EDIT: here is what I have so far, can anyone tell me if it is right/wrong? http://www.box.net/shared/static/hrv9rh7ukt.jpg

I know how to perform standard tree method satisfiable tests but this question I am having trouble with because it has to do with elections.

Question:

Use the tree method to determine whether or not the following set of sentences is statisfialbe. If so, specify a satisfying case for its atomic sentences (ie aRjb, dRic, bRja, and cPid).

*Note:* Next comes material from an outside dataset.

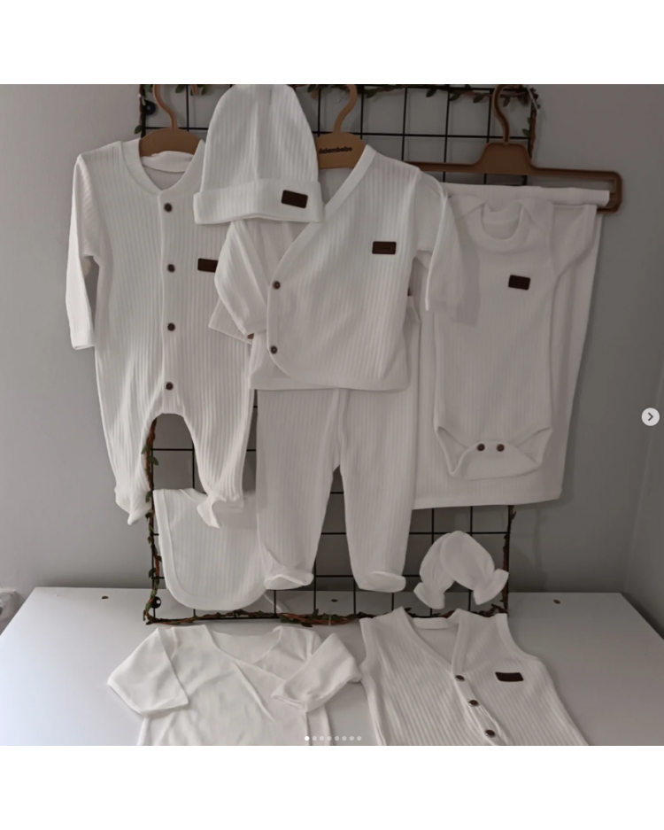 9 FARKLI RENK SEÇENEĞİ İLE ASKIDA ORGANİK ONLU HASTANE ÇIKIŞ SETLERİ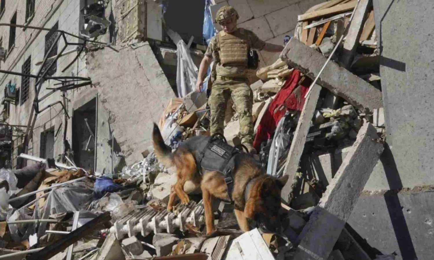 A rescue worker with a dog search for victims in a damaged apartment building after it was hit by Russian air bomb in Kharkiv, Ukraine (Photo/AP)

{bRja $\rightarrow$ dRic, dRic $\rightarrow$ $\neg$cPid, dRic $\rightarrow$ aRjb, $\neg$dRic $\rightarrow$ cPid, cPid $\rightarrow$ bRja, aRjb $\rightarrow$ cPid}

I think the format of the sentences is standard nomenclature but if it is not, ill will do my best to explain it. P refers to Social Preternce while R refers to Rule.

UPDATE:

I set the following

A = aRjb

B = bRja

C = cPid

D = dRic

So then the tree looks like:

  • $B \lor D$
  • $D \lor \neg C$
  • $D \lor A$
  • $D \lor C$
  • $C \lor B$
  • $A \lor C$

Maybe its because I haven't done even standard tree methods in a while but can anyone help me on how to check if it is satisfiable?

EDIT UPDATE:

bPia $\rightarrow$ cPia

aPic $\rightarrow$ (aPib $\lor$ bPic)

Conc, ($\neg$aPib $\land$ $\neg$bPia) $\land$ ($\neg$aPic $\land$ $\neg$cPia) $\rightarrow$ ($\neg$aPic $\land$ $\neg$cPia)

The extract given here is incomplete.